A recent analysis compiled by Carbon Brief, a UK-based climate media outlet, put the USSR and Russia in third place in the world in terms of greenhouse gas emissions of all time. A national assessment report compiled by Russian climatologists in 2014 stated that at the time of human-caused climate change, the country’s average annual temperatures were rising twice as fast as the global average. The report also stated that the trend is expected to continue. The effects of climate change fueled in part by Soviet industrial development are already visible across Russia, from the degradation of permafrost to desertification in the country’s agricultural southern regions. The large-scale industrial development that generated the waters of the Great Volga and was supported by the river’s water also contributed to the global problem of climate change – which has now brought the threat of water scarcity to the millions of people who live in cities along the Volga.


When I visited the last knot in the waterfall, Cheboksarskoe Reservoir, about 370 miles east of Moscow, in 2010, I saw an algal bloom that made the water look like a witch’s liquor.

Nearby Cheboksary, the capital of Chuvashia, one of Russia’s many ethnic republics, was leafy, quiet, and welcoming when I visited. I was part of a press tour organized by RusHydro, the owner of the waterfall, who was lobbying the government to increase the water level in the reservoir. Years later, it’s still five meters below where RusHydro wants it to be, because the Cheboksarskoe Reservoir is where the Big Volga project finally stumbled after four glorious decades.
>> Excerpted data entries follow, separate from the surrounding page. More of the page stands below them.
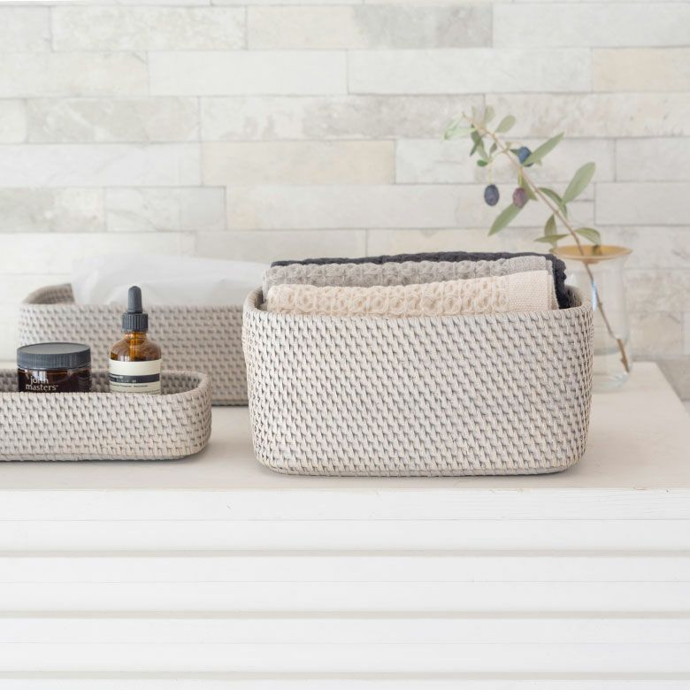 洗面台まわりで活躍するトレイやバスケット、小物入れなど
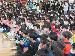 yoasobiのヒット曲「アイドル」をみんなで歌おうという企画を吹奏楽部が提案して実現しました。今日の業間休みに体育館に続々と子供たちが集まります。吹奏楽部の演奏で一緒に「アイドル」を歌うという企画です。
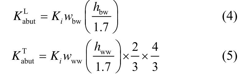《公路桥梁抗震设计细则》[17]中仅仅给出了地震时桥台主动土压力的计算公式,并没有对桥台的力学模型进行描述。本文根据美国《加州桥梁结构的非线性分析指南》基础上建立简化桥台模型[18]。具体建模如下:首先在主梁边跨建立与主梁纵桥向垂直且等宽的两个边节点,两两节点之间通过刚臂单元连接。在同一位置再构建一条相同的刚臂,两刚臂之间采用零长度单元连接并赋予碰撞材料特性。桥台垂直方向的约束刚度依据美国加州桥梁抗震设计规范取值[19],横桥向约束刚度依据Maroney和Chai (1994)提出的方法计算取值[20]。桥台纵横桥向初始刚度如下式:
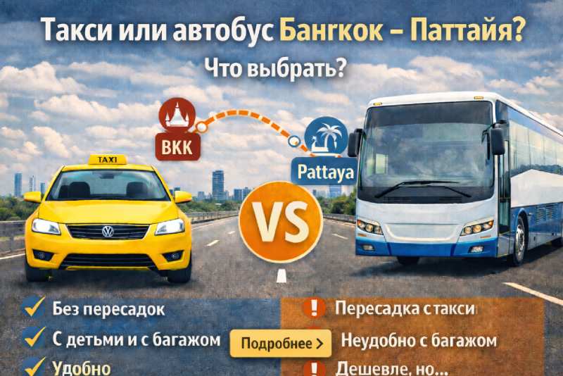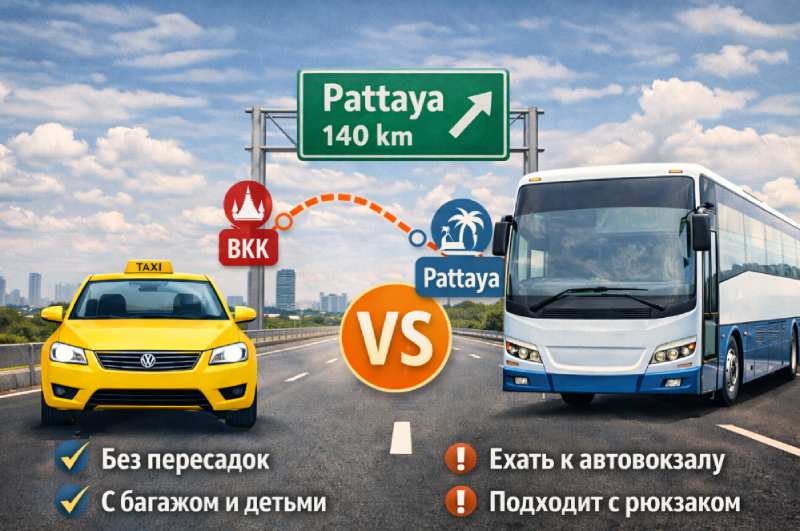 Автобус подходит для бюджетной поездки, но такси выигрывает по удобству, скорости и комфорту. Если вы хотите добраться в Паттайю без лишней суеты — выбирайте индивидуальный трансфер.
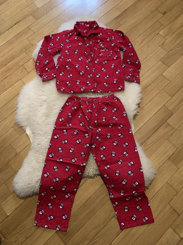 На 122-128, на 7-8 лет. Очень приятная и мягкая на ощупь ткань. Состояние без дефектов и нюансов, цвет неизменный, если присмотреться- чуточку покошенная ткань после стирки. В домашних условиях ребенку всегда должно быть комфортно в одежде, в которой он ходит. Лучше всего для сна и дневных развлечений выбрать пижаму с забавным принтом. Данный комплект гарантированно не кусается и не обтягивает силуэт, не стесняя движений. Комплект изготовлен их 100 % хлопка . Верхний элемент набора с открытым воротником и длинным рукавом имеет карман и застегивается на пуговицы спереди. Длинные брюки с эластичной талией обеспечивают удобное регулирование посадки.
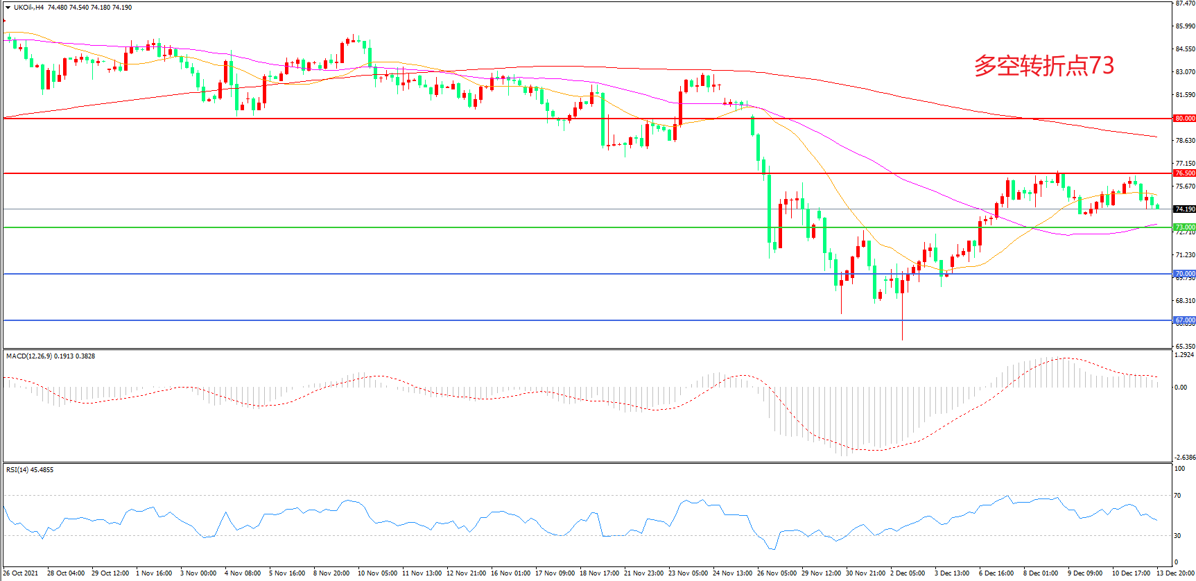 交易策略:在73.00之上看涨,目标76.50 80.00
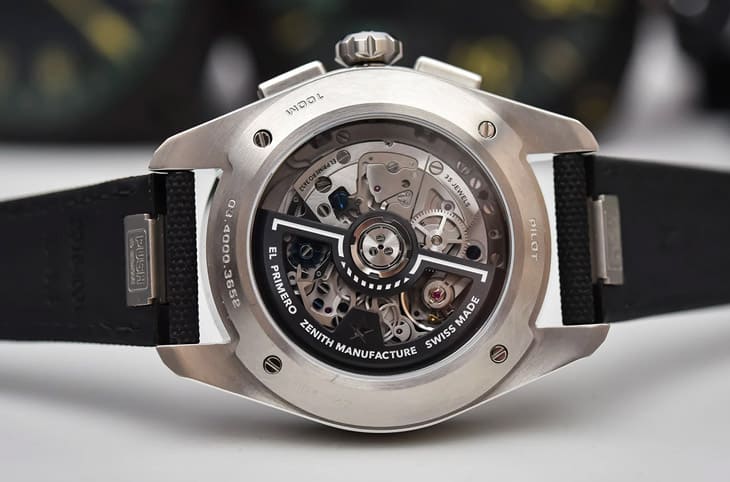 Pilot Big Date Flyback跳脫上一代的亮點之一包括背面改成了透明底蓋,這讓手錶內部的El Primero高震頻機芯終於可以見天日,El Primero 3652是一枚具有飛返功能的計時機芯,所以當需要計算連續事件時,它省略了要先停止-歸零-再啟動的步驟,能夠更即時地掌握時間脈動,對於飛行員而言這很重要。在透明底蓋下,機芯因應飛行錶淵源新採用的鍍黑「人工地平儀」造型自動盤散發屬於新一代Pilot系列的家族特徵,在大幅鏤空的自動盤下,機芯多達303枚零件組成的結構一目瞭然,你會輕易發現它的導柱輪鍍上了藍色,另外擒縱系統裡也含有現代科技的矽材質,藉以提升機芯的耐用度與抗磁性能,此外機芯內置ZENITH開發的專利機制,有助於大日期顯示的兩枚轉盤可以在0.03秒內同步傳動並保持穩定,再來它的動力儲存有60小時也是在水準之上。
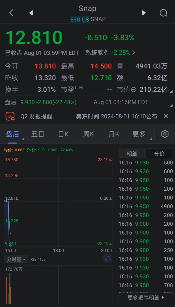 (SNAP.N)美股盘后暴跌22%。
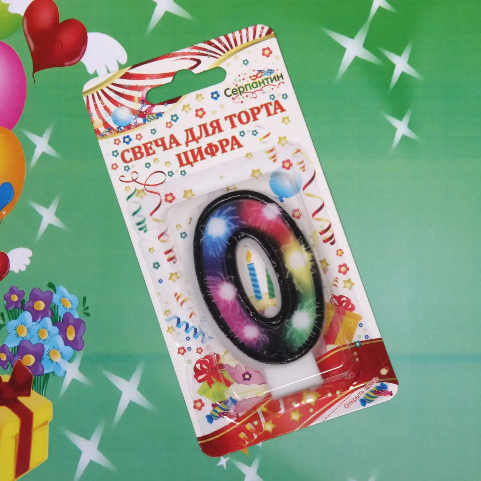 Свеча имеет размер 6 см и оформлена в форме цифры '0'. Она упакована в яркую пластиковую упаковку, что делает ее отличным подарком или дополнением к вашему праздничному столу. Не забывайте о мерах предосторожности: не оставляйте зажженную свечу без присмотра и используйте ее только под контролем взрослых.
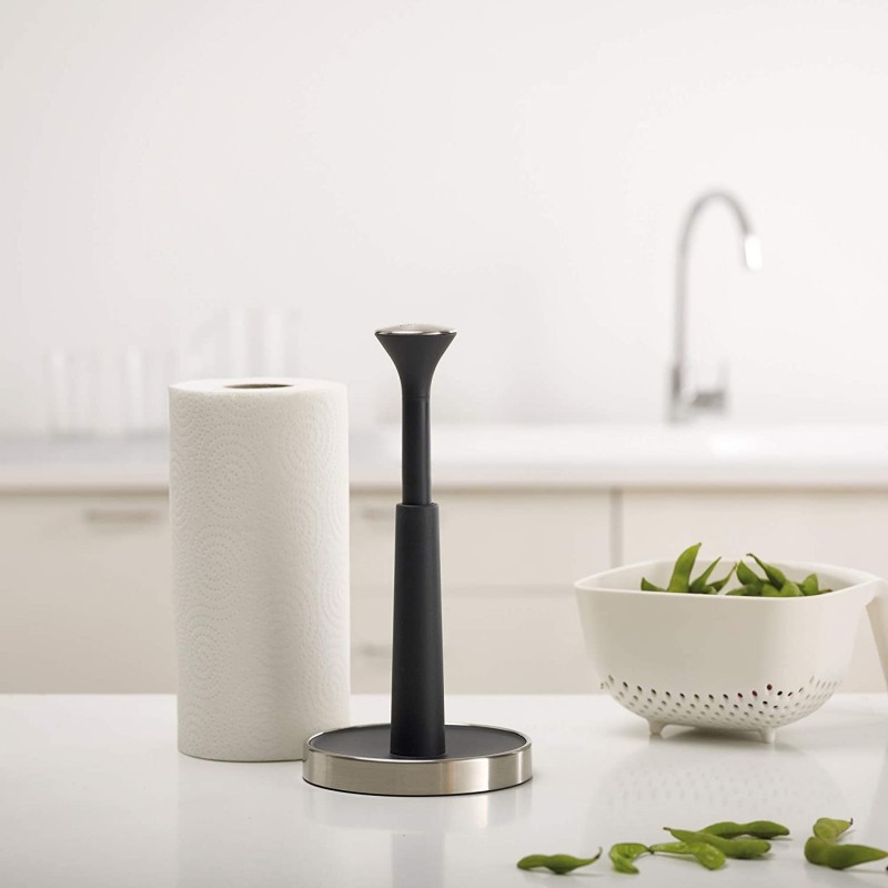 Base antideslizante Adecuado solo para rollos de altura estándar (hasta 24 cm).

By the mid-1980s, he was with the soundMikhail Gorbachev decided that the Soviet Union could do with more press freedom and transparency, allowing citizens to discuss and even criticize their government’s decisions. And so the irreversible environmental damage on the Volga became part of a broad public conversation as well. A 1989 book about the river called the people behind the construction of the reservoirs that “turned the life-giving waters of the Volga into dead water, without doing anything about it.” “All over the world boasted that the Volga-Matushka [mother-river] She has been tamed many times, and they still call themselves her sons, and those who have tamed her have condemned her to a long, dreadful and agonizing illness. ”

“For whose land is destroyed and water polluted so that someone else can earn money?”